[Entries taken from a collection]
+===+

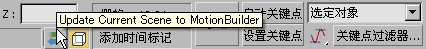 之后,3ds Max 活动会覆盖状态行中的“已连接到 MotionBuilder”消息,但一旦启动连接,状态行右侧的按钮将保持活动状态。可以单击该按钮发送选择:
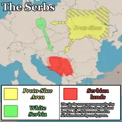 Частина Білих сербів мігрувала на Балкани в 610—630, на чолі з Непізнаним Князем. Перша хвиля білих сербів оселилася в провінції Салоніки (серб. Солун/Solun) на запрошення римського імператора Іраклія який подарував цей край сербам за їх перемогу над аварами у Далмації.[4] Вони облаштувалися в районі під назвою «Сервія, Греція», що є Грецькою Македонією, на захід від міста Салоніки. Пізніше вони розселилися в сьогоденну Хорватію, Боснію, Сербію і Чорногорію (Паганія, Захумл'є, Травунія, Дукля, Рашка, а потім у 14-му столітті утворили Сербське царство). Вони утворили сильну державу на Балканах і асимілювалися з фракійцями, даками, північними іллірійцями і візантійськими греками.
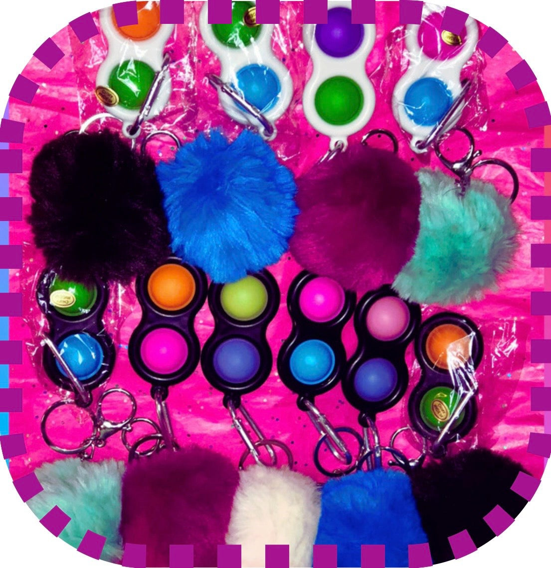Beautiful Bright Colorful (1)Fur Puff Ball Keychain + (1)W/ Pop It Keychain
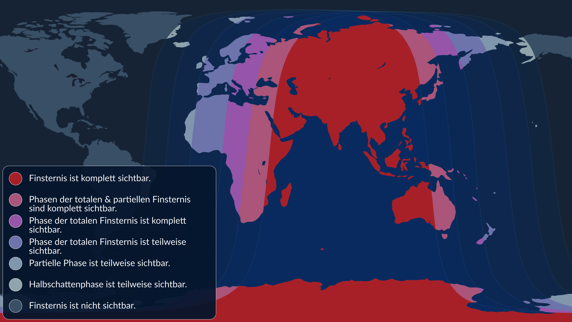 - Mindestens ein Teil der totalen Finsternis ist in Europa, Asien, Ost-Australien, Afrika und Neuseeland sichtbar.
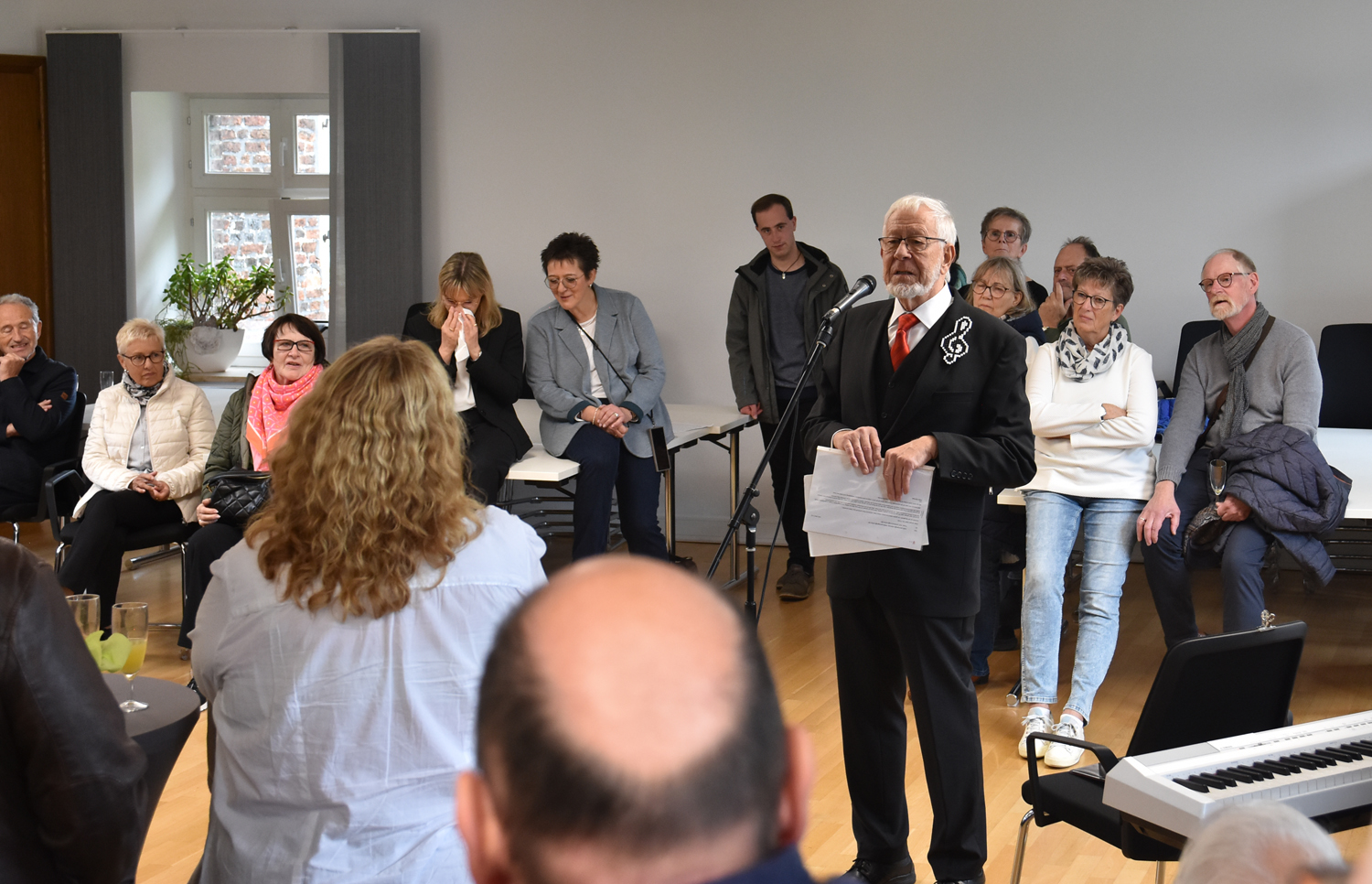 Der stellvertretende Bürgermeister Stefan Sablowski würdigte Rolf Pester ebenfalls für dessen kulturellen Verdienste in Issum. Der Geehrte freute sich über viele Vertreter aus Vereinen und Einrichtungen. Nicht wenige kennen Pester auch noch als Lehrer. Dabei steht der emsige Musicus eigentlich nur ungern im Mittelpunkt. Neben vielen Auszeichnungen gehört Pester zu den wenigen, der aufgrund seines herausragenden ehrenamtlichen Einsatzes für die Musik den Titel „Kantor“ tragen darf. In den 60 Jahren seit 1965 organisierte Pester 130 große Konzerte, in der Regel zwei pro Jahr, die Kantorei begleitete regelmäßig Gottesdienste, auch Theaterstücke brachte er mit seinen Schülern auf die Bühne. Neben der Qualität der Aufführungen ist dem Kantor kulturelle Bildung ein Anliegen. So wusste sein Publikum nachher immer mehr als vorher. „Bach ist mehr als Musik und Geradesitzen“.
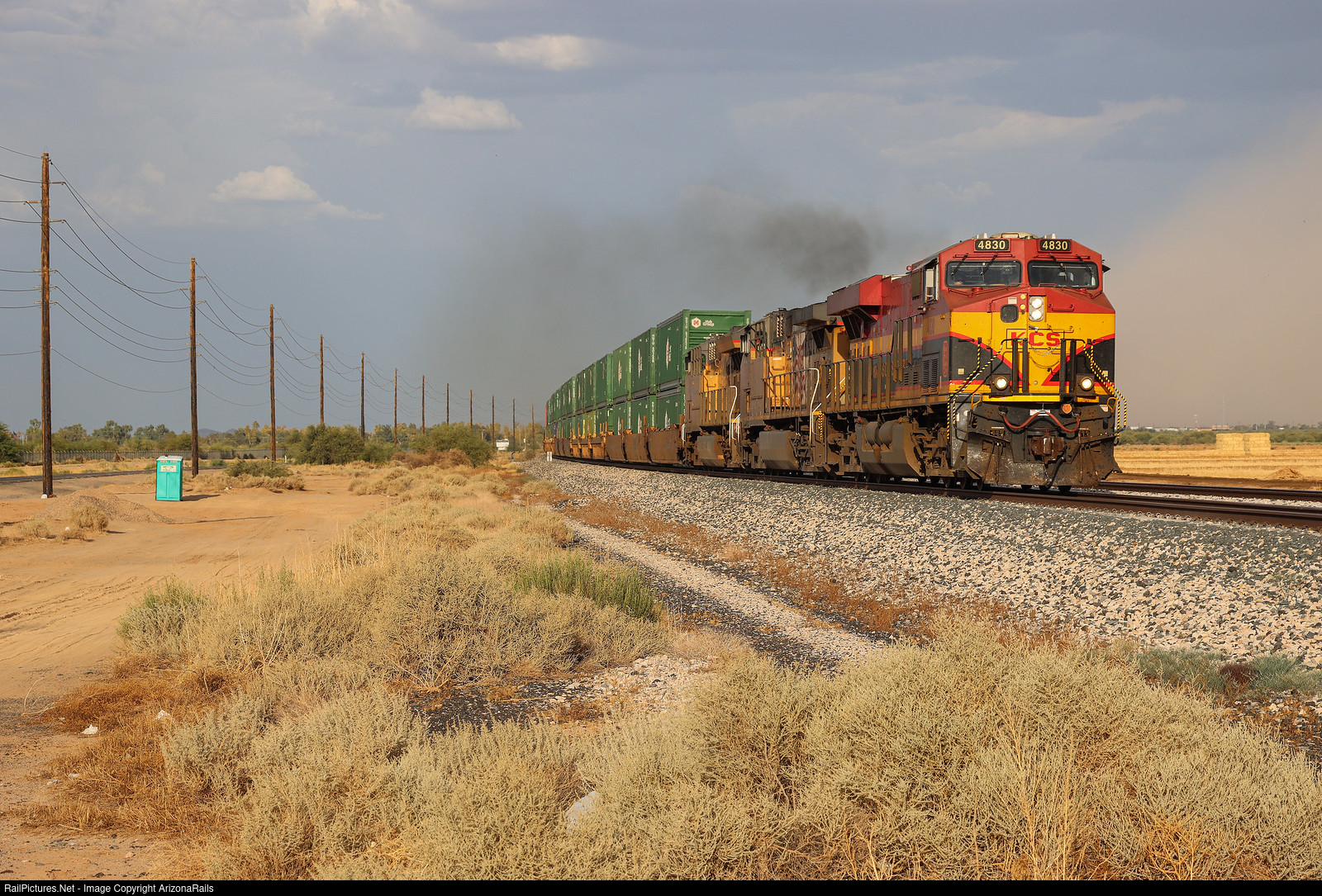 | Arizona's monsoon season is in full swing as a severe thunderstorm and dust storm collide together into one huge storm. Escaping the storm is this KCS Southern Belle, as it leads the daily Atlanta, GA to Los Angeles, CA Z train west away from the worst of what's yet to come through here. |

+===+

Final task for the records above: print exactly the lines from the one that contains "Beautiful Bright Colorful" through the last line, both ends included, pictures excluded.

OUTPUT OF THE TASK
Beautiful Bright Colorful (1)Fur Puff Ball Keychain + (1)W/ Pop It Keychain
 - Mindestens ein Teil der totalen Finsternis ist in Europa, Asien, Ost-Australien, Afrika und Neuseeland sichtbar.
 Der stellvertretende Bürgermeister Stefan Sablowski würdigte Rolf Pester ebenfalls für dessen kulturellen Verdienste in Issum. Der Geehrte freute sich über viele Vertreter aus Vereinen und Einrichtungen. Nicht wenige kennen Pester auch noch als Lehrer. Dabei steht der emsige Musicus eigentlich nur ungern im Mittelpunkt. Neben vielen Auszeichnungen gehört Pester zu den wenigen, der aufgrund seines herausragenden ehrenamtlichen Einsatzes für die Musik den Titel „Kantor“ tragen darf. In den 60 Jahren seit 1965 organisierte Pester 130 große Konzerte, in der Regel zwei pro Jahr, die Kantorei begleitete regelmäßig Gottesdienste, auch Theaterstücke brachte er mit seinen Schülern auf die Bühne. Neben der Qualität der Aufführungen ist dem Kantor kulturelle Bildung ein Anliegen. So wusste sein Publikum nachher immer mehr als vorher. „Bach ist mehr als Musik und Geradesitzen“.
 | Arizona's monsoon season is in full swing as a severe thunderstorm and dust storm collide together into one huge storm. Escaping the storm is this KCS Southern Belle, as it leads the daily Atlanta, GA to Los Angeles, CA Z train west away from the worst of what's yet to come through here. |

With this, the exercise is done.